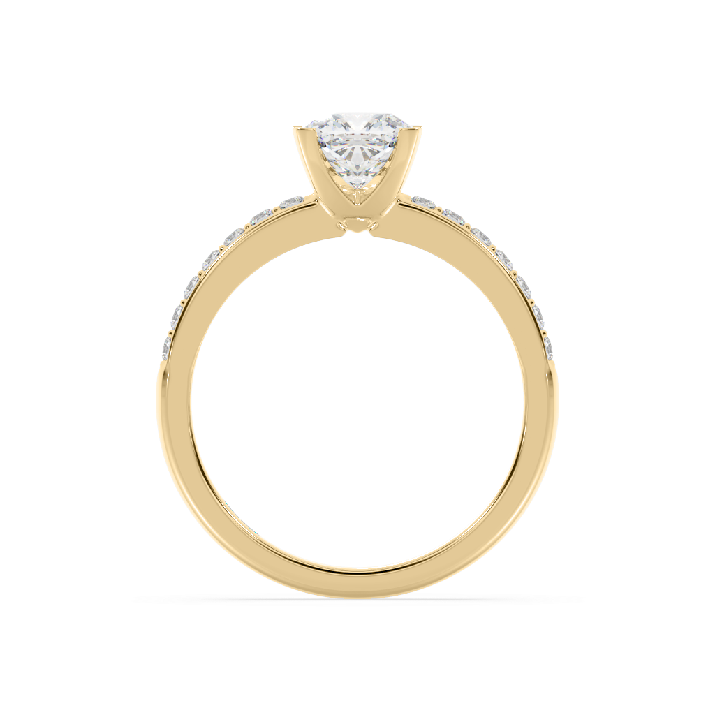 \n Cushion cut centre diamond (1.00ct shown)\n 4 claw setting\n 14 x 0.015ct round brilliant cut diamonds\n Split shared claw setting\n Total Diamond Weight = 0.21ct\n High dome band profile\n 2.20mm wide band\n
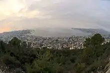 In nine minutes, the 1.5 km (1 mi) long Téléphérique line transports passengers from the bay of Jounieh, above the maritime highway and a pine-forested steep mountain, to an altitude of 650 meters, arriving at the Our Lady of Lebanon shrine in Harissa.[1] The trip offers "spectacularly dramatic views",[2] including panoramic views over the bay.[3] It is considered one of the most popular activities for tourists in Jounieh.[4]
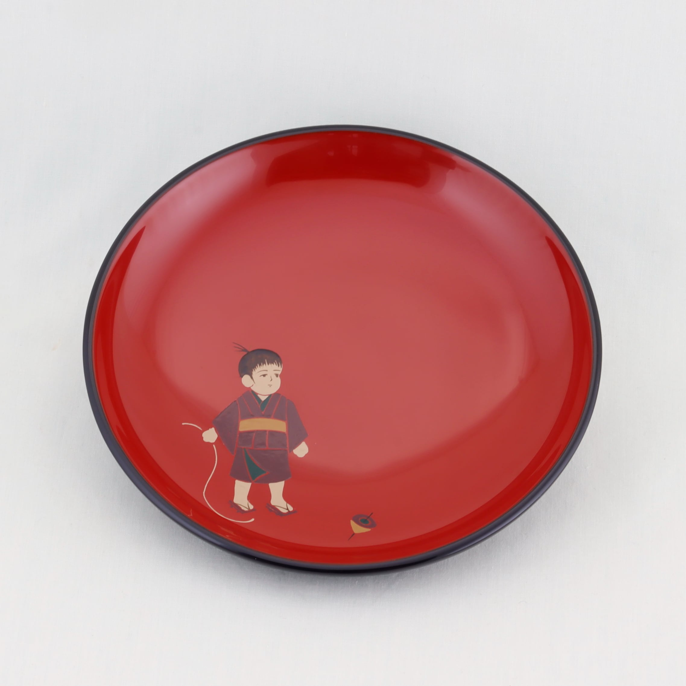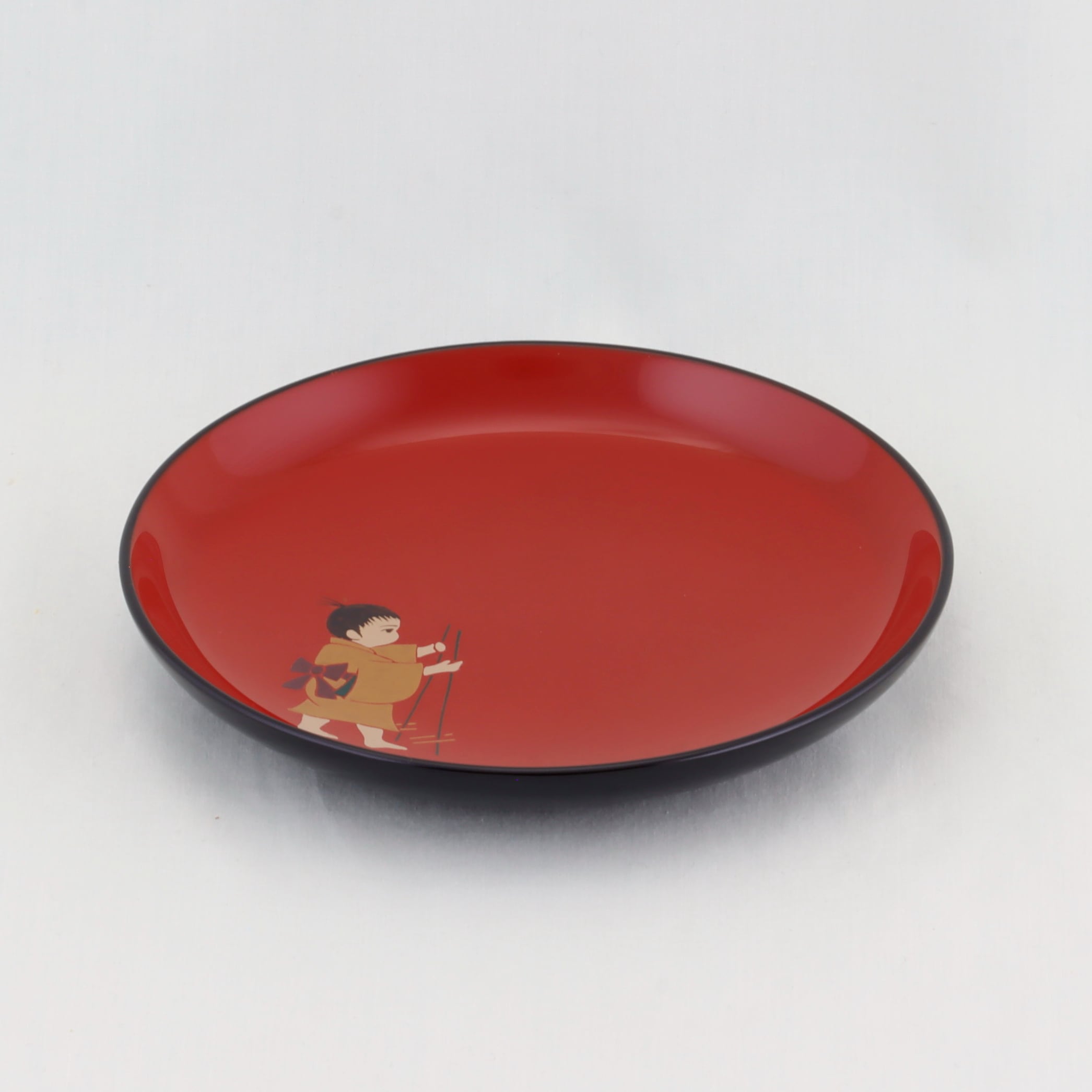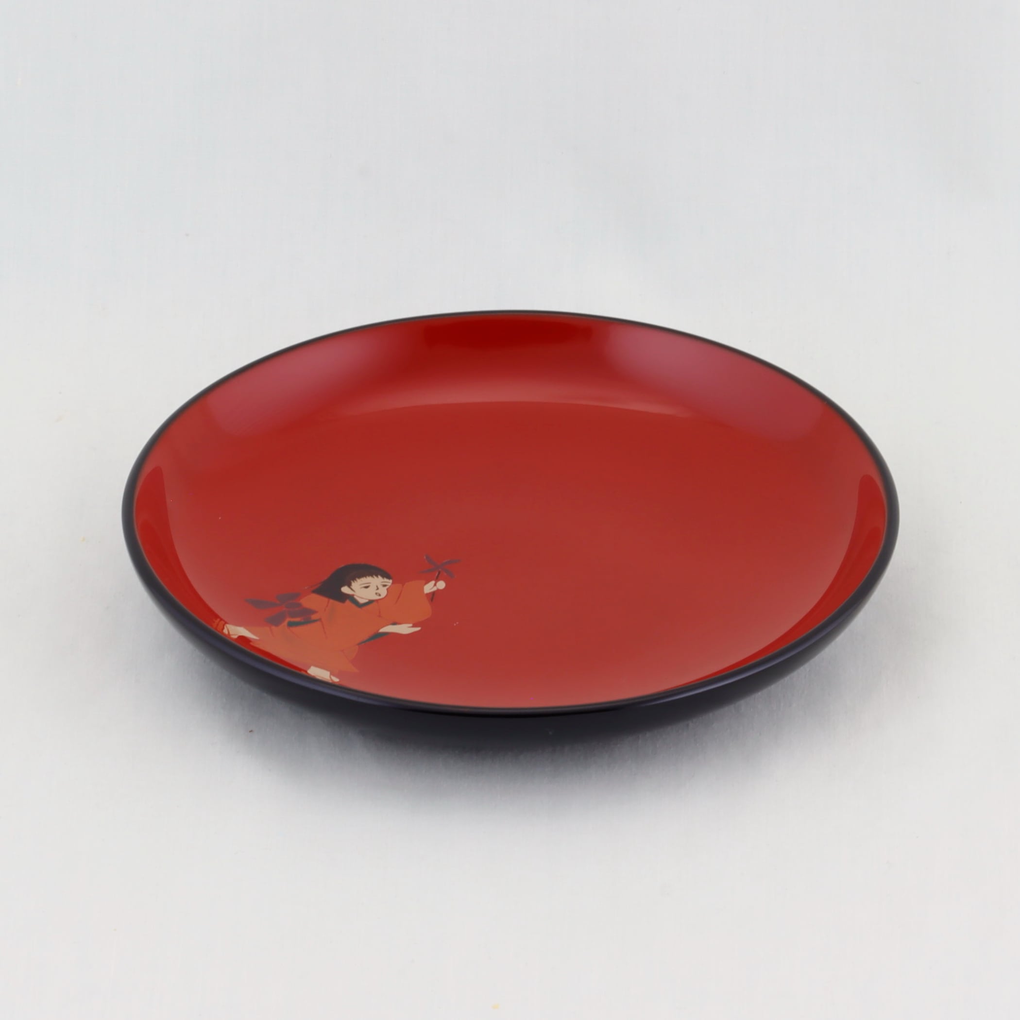 この銘々皿は、黒内朱塗りに、愛らしい童蒔絵が施された美しい仕上がりが特徴です。
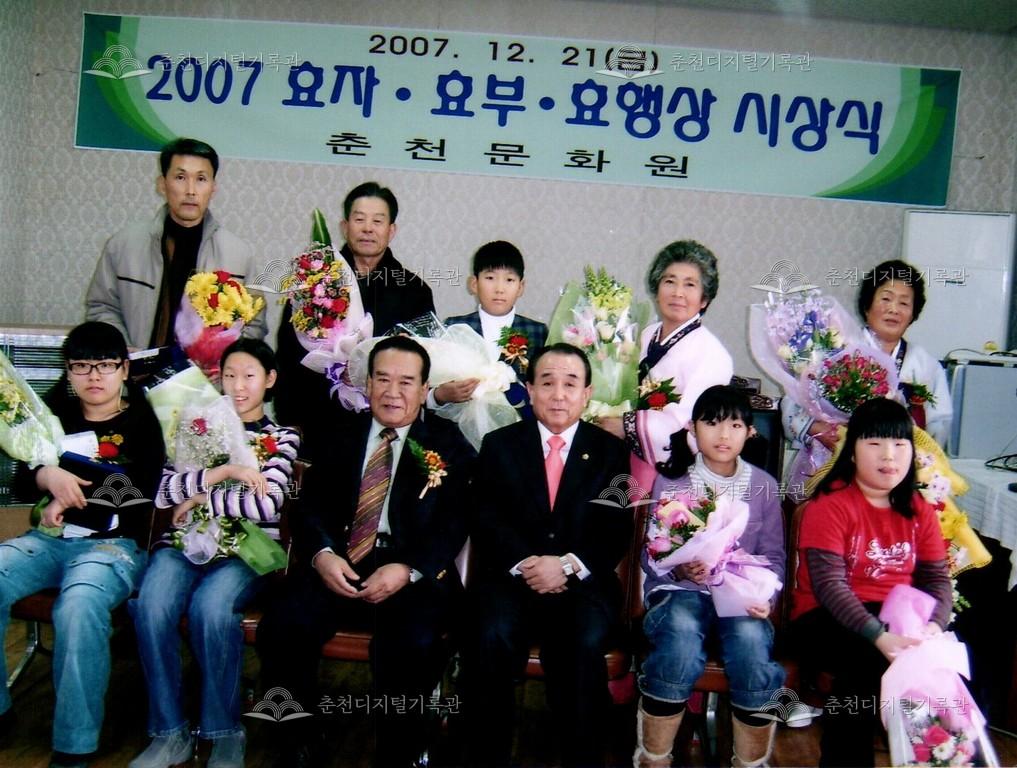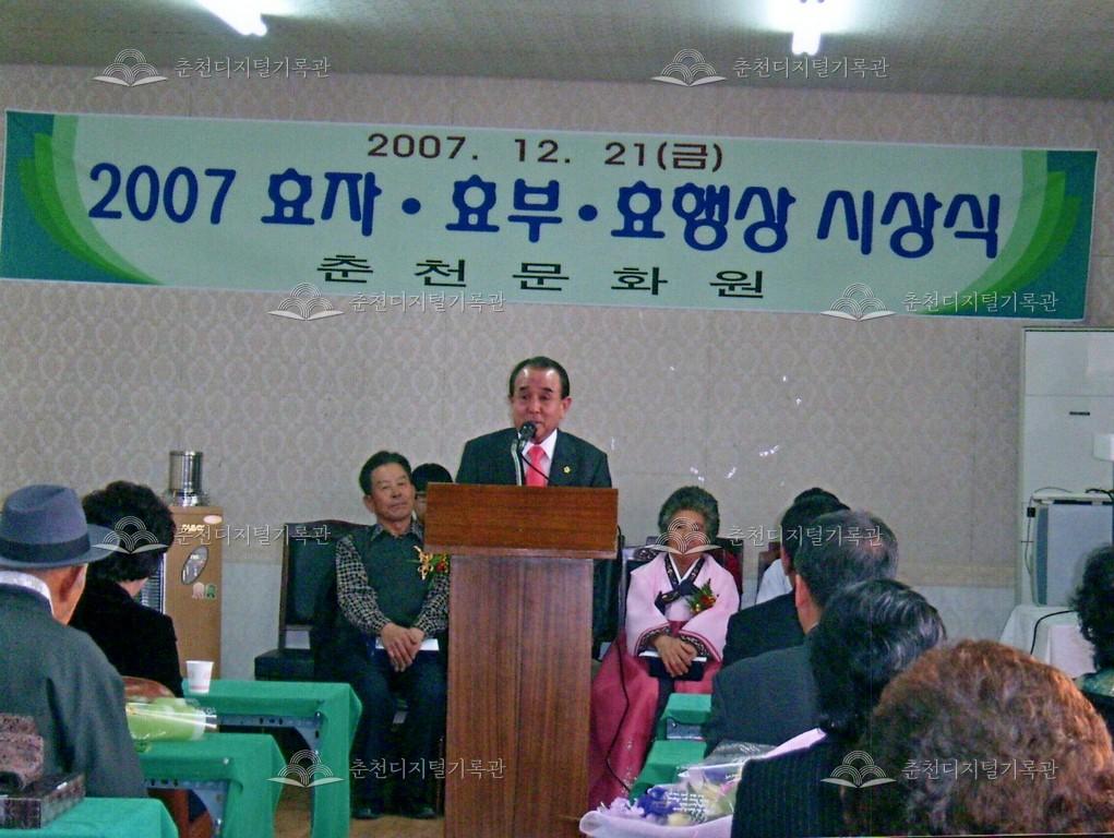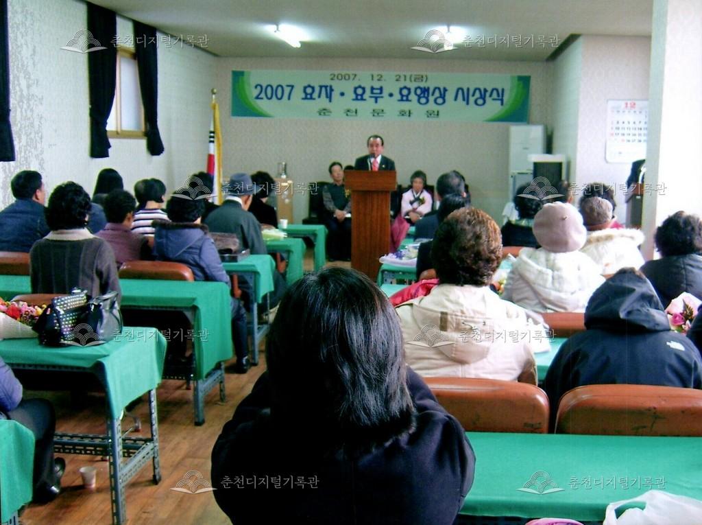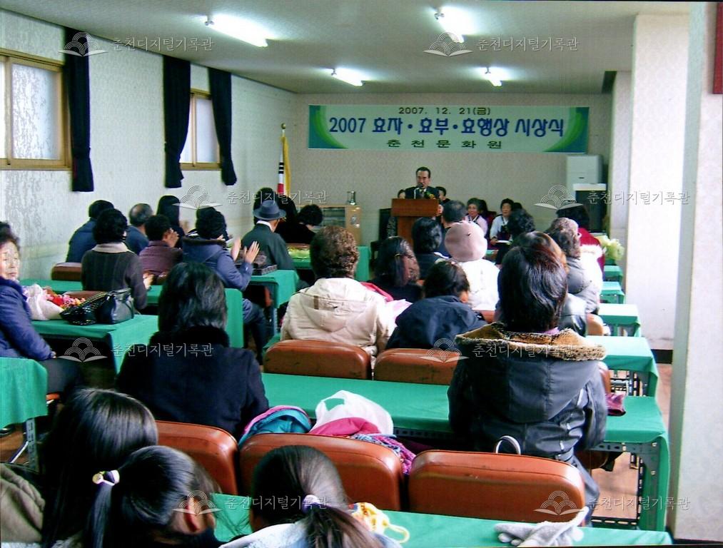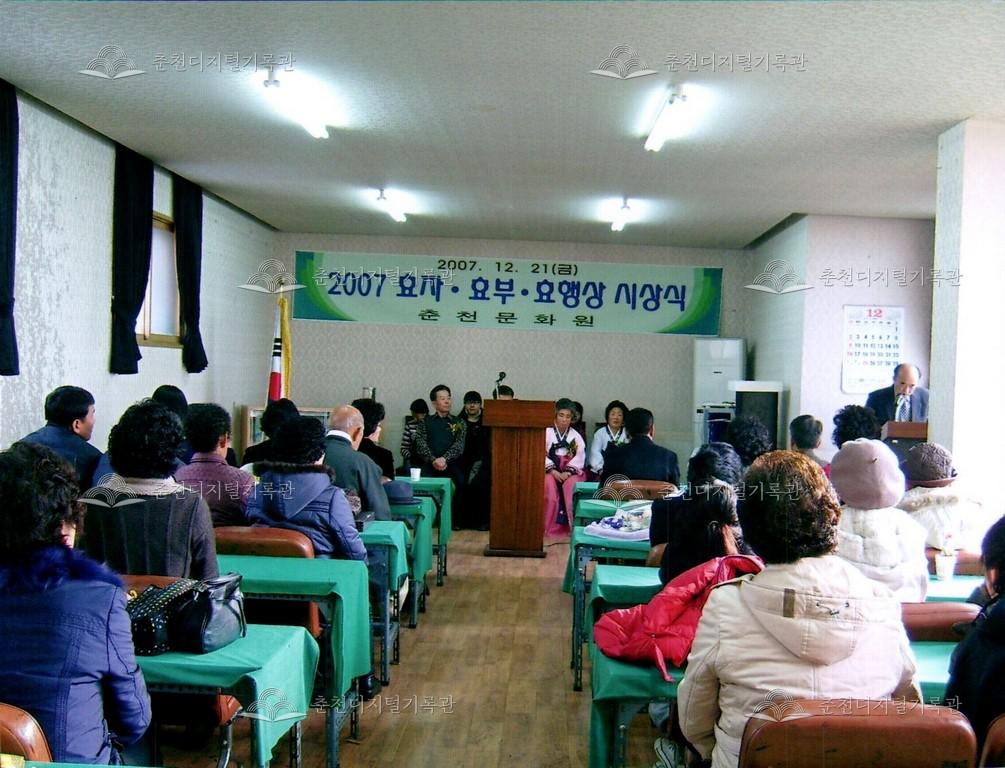 효자효부 효행상 시상식 사진 등록번호 00002697 생산일자 2007.12.21 생산지역 춘천시 옥천동 생산자 춘천문화원 수집처 춘천문화원 소장자 춘천학연구소 내용 2007년 효자효부 효행상 시상식 사진이다. 사용안내 비상업적 이용만 가능|©춘천디지털기록관 상업적 사용·수정·재배포는 저작권자 동의 필요 다운로드 목록보기

• Work instructions: Put each line of the listing above into the copy exactly, dropping the pictures.

• Solution:
 \n Cushion cut centre diamond (1.00ct shown)\n 4 claw setting\n 14 x 0.015ct round brilliant cut diamonds\n Split shared claw setting\n Total Diamond Weight = 0.21ct\n High dome band profile\n 2.20mm wide band\n
 In nine minutes, the 1.5 km (1 mi) long Téléphérique line transports passengers from the bay of Jounieh, above the maritime highway and a pine-forested steep mountain, to an altitude of 650 meters, arriving at the Our Lady of Lebanon shrine in Harissa.[1] The trip offers "spectacularly dramatic views",[2] including panoramic views over the bay.[3] It is considered one of the most popular activities for tourists in Jounieh.[4]
 この銘々皿は、黒内朱塗りに、愛らしい童蒔絵が施された美しい仕上がりが特徴です。
 효자효부 효행상 시상식 사진 등록번호 00002697 생산일자 2007.12.21 생산지역 춘천시 옥천동 생산자 춘천문화원 수집처 춘천문화원 소장자 춘천학연구소 내용 2007년 효자효부 효행상 시상식 사진이다. 사용안내 비상업적 이용만 가능|©춘천디지털기록관 상업적 사용·수정·재배포는 저작권자 동의 필요 다운로드 목록보기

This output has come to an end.